Instagram's Sluggish Story Ad Uptake and Influencer Clutter Will Drag
Despite Instagram’s impressive recent marketing growth, eMarketer’s latest data forecasts that it will be some time before the popular photo app catches Big Blue.
eMarketer’s estimate, reported by Axios, forecasts that Facebook will generate about $226 per user in the U.S. in 2021. Analysts expect Instagram to bring in $126 per user comparatively.
In fact, eMarketer expects the monetisation gap between the stablemates will grow further in the next few years.
Despite declining Facebook usage and increasing Insta usage.
Instagram’s rapid pivot towards Stories and Facebook’s improving solutions around Marketplace and Facebook Watch are cited as material.
Why Does Average Revenue Per User Matter?
The acronym ARPU stands for Average Revenue Per User.
This metric is used by businesses to measure the factors that are contributing to the organisation’s overall revenue.
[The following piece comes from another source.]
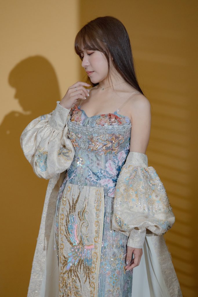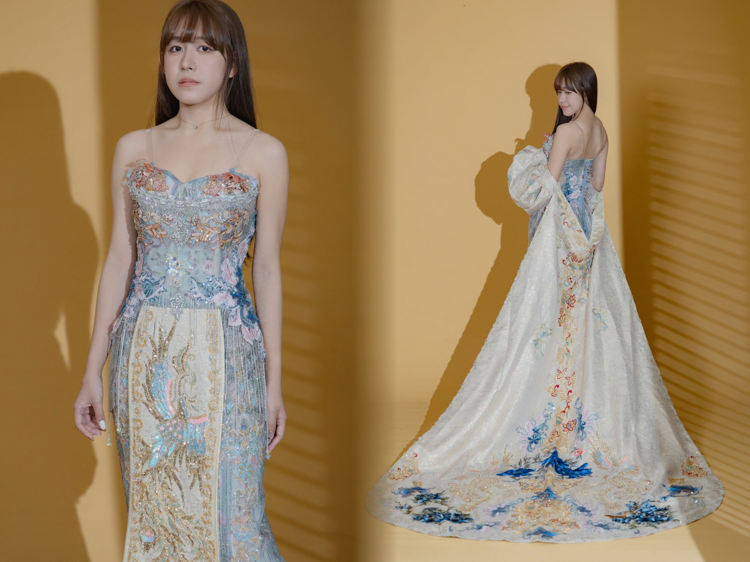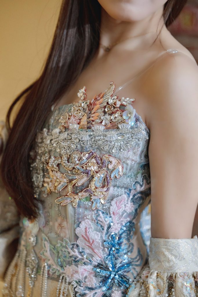 禮服以 彩色巴洛克刺繡+金絲線+珠鑽手工 製作,細節華麗又高級。

ARPU helps companies analyse their growth patterns and compare their success to competitors.
From a marketer’s perspective, when comparing channel investments, it provides a handy quantitative gauge of the probable marketing effectiveness of a channel.
ARPU is often indicative of:
- Effectiveness and quality of marketing solutions available in channel
- Trust and faith from marketers
- Scale and engagement level of the user base
- Commercial intent of the user base
- ‘Quality’ of the attention available in channel
- Sometimes the average net worth of the user base
Who Has The Highest Marketing ARPU Of All?
Amazon has the highest ARPU of all, in terms of major tech players, last year ringing in the tills for $752 per customer, on average, for its global 310 million customers.
However, from a marketers perspective, this matters little since barely a whisper comes from its rapidly developing marketing solutions.
Viewed purely from a marketing perspective, all roads lead to Google.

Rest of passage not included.